Decided by whom, and if so, why isn't it used?
It is a wrong, but I think widespread, perception that SNG001 is unproven, being backed by a phase 2 trial that was too small to be significant. We on this board know better than that, but it might help if the drug had a brand name. SNG001 does sound experimental, so suggestions please for a name. How about Nebinterbia - nebulised interferon beta 1a? It's only a suggestion - I'm sure others can do better.
sorry - reviewed
WedMe, do you have a link to the peer-revised study you mentioned right at the start of your first page? Great work, by the way - many thanks.

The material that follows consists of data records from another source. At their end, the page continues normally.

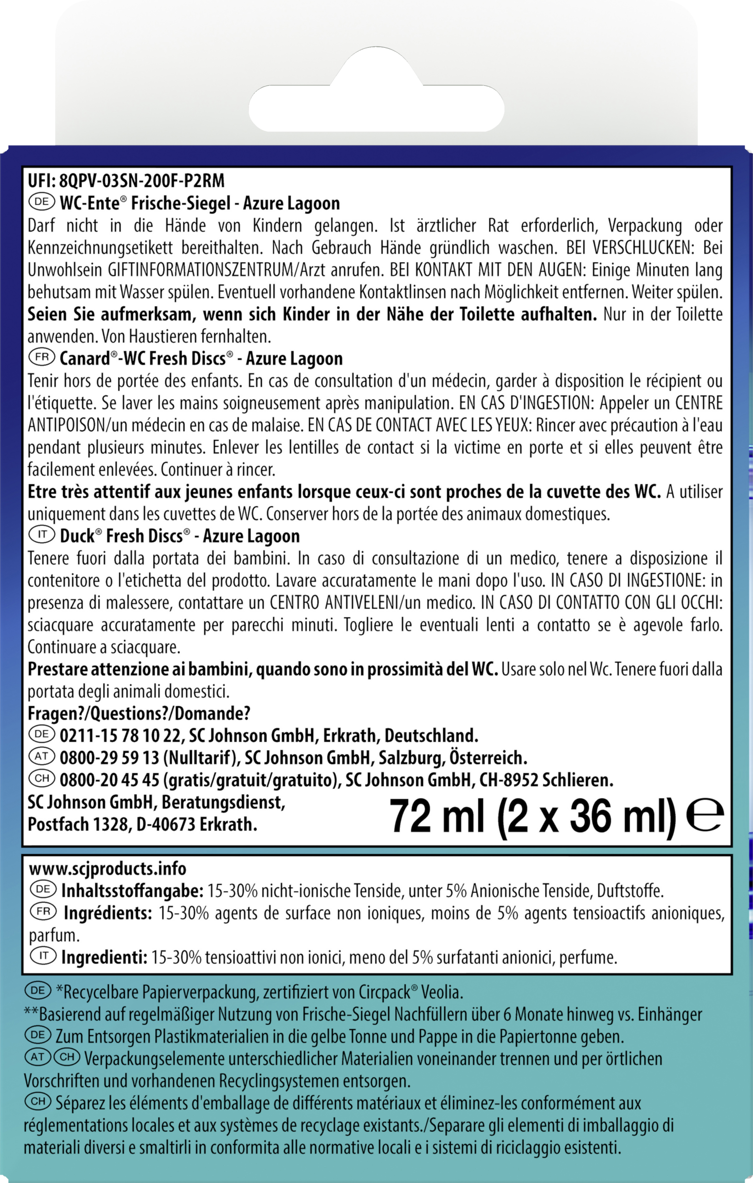 Der WC-Ente Frische-Siegel Nachfüller (2 Nachfüller mit jeweils 6 Siegeln) passt in den Original Spendergriff des WC-Ente Frische-Siegel Starterpacks, die innovative und dezente Alternative zum klassischen WC-Einhänger. Das Frische-Siegel ist das erste Frische-Gel für die Toilette ohne Toiletteneinhänger. Deswegen ist der Toilettenreiniger sowohl für Toiletten mit Spülrand als auch für spülrandlose WCs geeignet. Das WC-Gel an der Innenwand des WC-Beckens wie ein Siegel/Stempel platziert. Es setzt reinigende Substanzen und frischen Toilettenduft bei jeder Spülung frei.
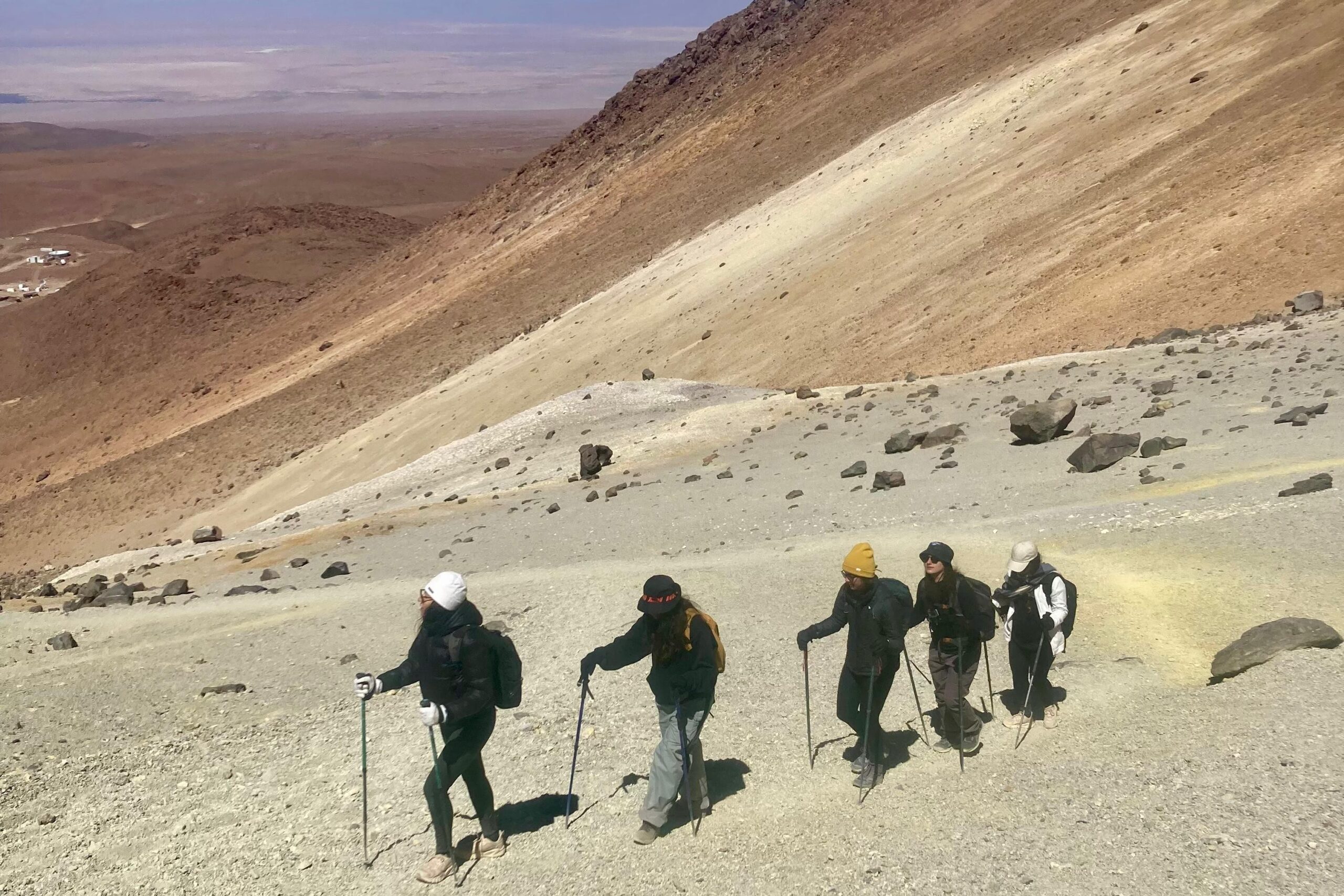 Upon arrival, participants approach the starting point of the ascent at approximately 5,300 meters above sea level. Before beginning the climb, there is a technical briefing and preparation session.
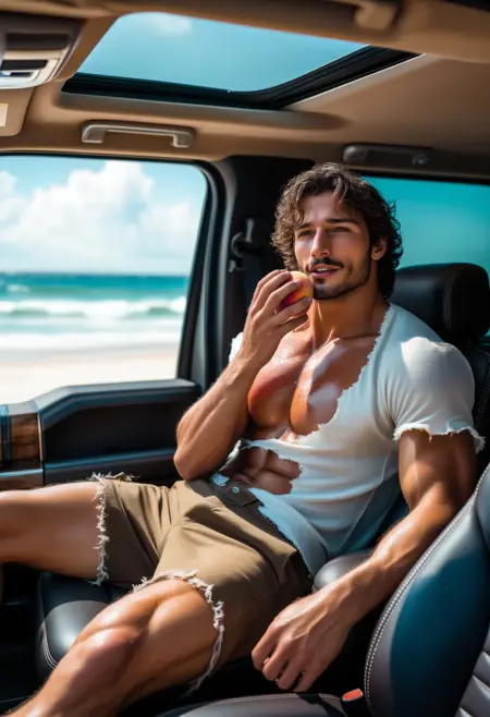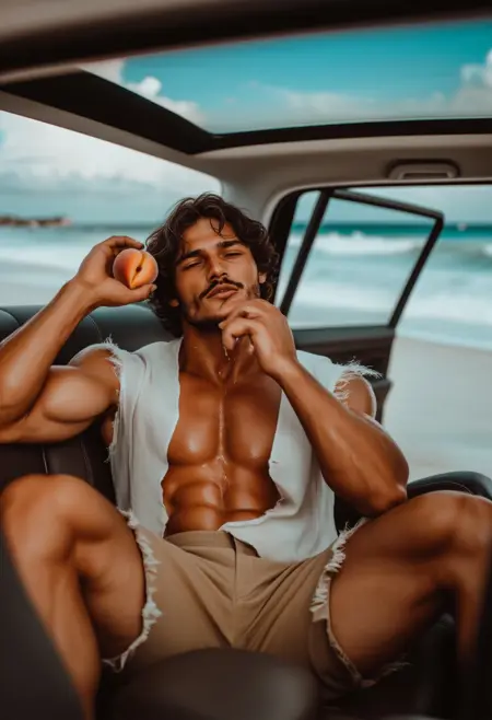 따뜻한 지중해 조명; 해변가 별장, 고급 스튜디오, 햇살이 비치는 테라스 등 현대적이거나 자연스러운 배경. 분위기는 화려하고 세련되며, 힘, 아름다움, 교양의 균형을 갖춘 모습이다.

Should we all send a copy of this to Patrick Vallance? After all, he clearly has authority, being the idiot responsible for replacing SNG001 with a useless antibiotic on the Recovery trial. Does anyone have his contact details?
(Already posted on old thread - sorry about that)
Should we all send a copy of this to Patrick Vallance? After all, he clearly has authority, being the idiot responsible for replacing SNG001 with a useless antibiotic on the Recovery trial. Does anyone have his contact details?
If Southampton Hospital has access to SNG001 and is allowed to use it, I don't see why that cannot apply to all other hospitals in the UK. What would happen if the head of the Covid team in a hospital wrote to Synairgen or now Clinigen and asked for a supply?
How do hospitals get told that there is an MAP available to them?